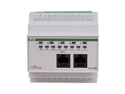 Alternatywny kod produktu: mH-V8 / 4Moduł mH-V8 jest ośmiokanałowym modułem wykonawczym sterującym pracą elektrozaworów podłączonych do wyjść modułu i przystosowany jest do pracy z modułami czujników temperatury mH-S8. Moduł montowany jest w rozdzielni i zajmuje pole 5 modułów, a napięcie zasilania modułu wynosi 230 VAC. Moduł nadaje się do sterowania elektrozaworami w obwodach ogrzewania (zazwyczaj zainstalowanymi na kolektorze) o napięciu cewki 230 VAC i działa na zasadzie włącz-wyłącz, niezależnie od głównego panelu dotykowego (stanowi autonomiczną parę z modułem mH-S8 znajdującego się na tym samym poziomie). W przypadku potrzeby stosowania podłączenia większej ilości czujników temperatury można zastosować kilka modułów mH-V8, przy czym należy pamiętać że muszą to być moduły kolejnych poziomów (mH-V8 – poziom 1, mH-V8-poziom 2, …). Wejścia / wyjścia Moduł mH-V8 oferowany jest w wykonaniu na różne poziomy, umożliwiając w ten sposób rozbudowę sieci wejść/wyjść podłączonych do systemu F&Home. W pierwszej kolejności należy instalować moduł z poziomu 1, następnie z poziomu 2, itd. Każdy z poziomów charakteryzuje się oddzielną numeracją, dzięki czemu zapewniony jest łatwiejszy montaż instalacji. Zestawienie wyjść dla modułu mH-V8 przedstawione jest w poniższej tabeli. Zasada działania Moduł wykonawczy mH-V8 sterowany jest poprzez sieć CAN z modułu czujnikowego mH-S8 znajdującego się na tym samym poziomie. W zależności od ustalonego programu pracy oraz wskazania temperatury na danym wejściu czujnikowym wyzwolone będzie odpowiednie wyjście modułu mH-V8. Para modułów mH-S8 – mH-V8 działa niezależnie od głównego panelu dotykowego, który służy tylko do ustalenia programu pracy. Uszkodzenie lub brak panelu dotykowego nie przerywa pracy układu regulacji temperatury.
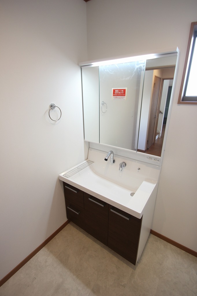 洗面台は三面鏡仕様の独立洗面台で玄関入ってすぐの位置にございますので帰ってすぐに手洗いうがいできますね
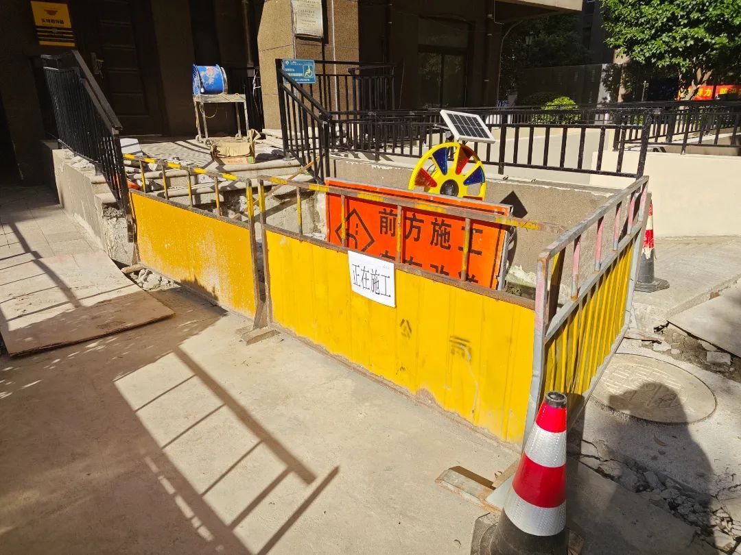 施工初期,原本采用机械作业施工,但施工人员挖开地面后发现,地下埋有的电力线缆、通信线、水管等管线错综复杂,如果继续作业可能会破坏管线。居委会与施工方查看现场并商讨应对方案,最后决定采用人工作业。虽然费时费力,但人工开挖既能主动避开地下管线,又能避免机械噪声影响居民生活。

YOUR INSTRUCTIONS
All of the data is to be returned exactly, with no pictures included.

TASK SOLUTION
 Alternatywny kod produktu: mH-V8 / 4Moduł mH-V8 jest ośmiokanałowym modułem wykonawczym sterującym pracą elektrozaworów podłączonych do wyjść modułu i przystosowany jest do pracy z modułami czujników temperatury mH-S8. Moduł montowany jest w rozdzielni i zajmuje pole 5 modułów, a napięcie zasilania modułu wynosi 230 VAC. Moduł nadaje się do sterowania elektrozaworami w obwodach ogrzewania (zazwyczaj zainstalowanymi na kolektorze) o napięciu cewki 230 VAC i działa na zasadzie włącz-wyłącz, niezależnie od głównego panelu dotykowego (stanowi autonomiczną parę z modułem mH-S8 znajdującego się na tym samym poziomie). W przypadku potrzeby stosowania podłączenia większej ilości czujników temperatury można zastosować kilka modułów mH-V8, przy czym należy pamiętać że muszą to być moduły kolejnych poziomów (mH-V8 – poziom 1, mH-V8-poziom 2, …). Wejścia / wyjścia Moduł mH-V8 oferowany jest w wykonaniu na różne poziomy, umożliwiając w ten sposób rozbudowę sieci wejść/wyjść podłączonych do systemu F&Home. W pierwszej kolejności należy instalować moduł z poziomu 1, następnie z poziomu 2, itd. Każdy z poziomów charakteryzuje się oddzielną numeracją, dzięki czemu zapewniony jest łatwiejszy montaż instalacji. Zestawienie wyjść dla modułu mH-V8 przedstawione jest w poniższej tabeli. Zasada działania Moduł wykonawczy mH-V8 sterowany jest poprzez sieć CAN z modułu czujnikowego mH-S8 znajdującego się na tym samym poziomie. W zależności od ustalonego programu pracy oraz wskazania temperatury na danym wejściu czujnikowym wyzwolone będzie odpowiednie wyjście modułu mH-V8. Para modułów mH-S8 – mH-V8 działa niezależnie od głównego panelu dotykowego, który służy tylko do ustalenia programu pracy. Uszkodzenie lub brak panelu dotykowego nie przerywa pracy układu regulacji temperatury.
 洗面台は三面鏡仕様の独立洗面台で玄関入ってすぐの位置にございますので帰ってすぐに手洗いうがいできますね
 施工初期,原本采用机械作业施工,但施工人员挖开地面后发现,地下埋有的电力线缆、通信线、水管等管线错综复杂,如果继续作业可能会破坏管线。居委会与施工方查看现场并商讨应对方案,最后决定采用人工作业。虽然费时费力,但人工开挖既能主动避开地下管线,又能避免机械噪声影响居民生活。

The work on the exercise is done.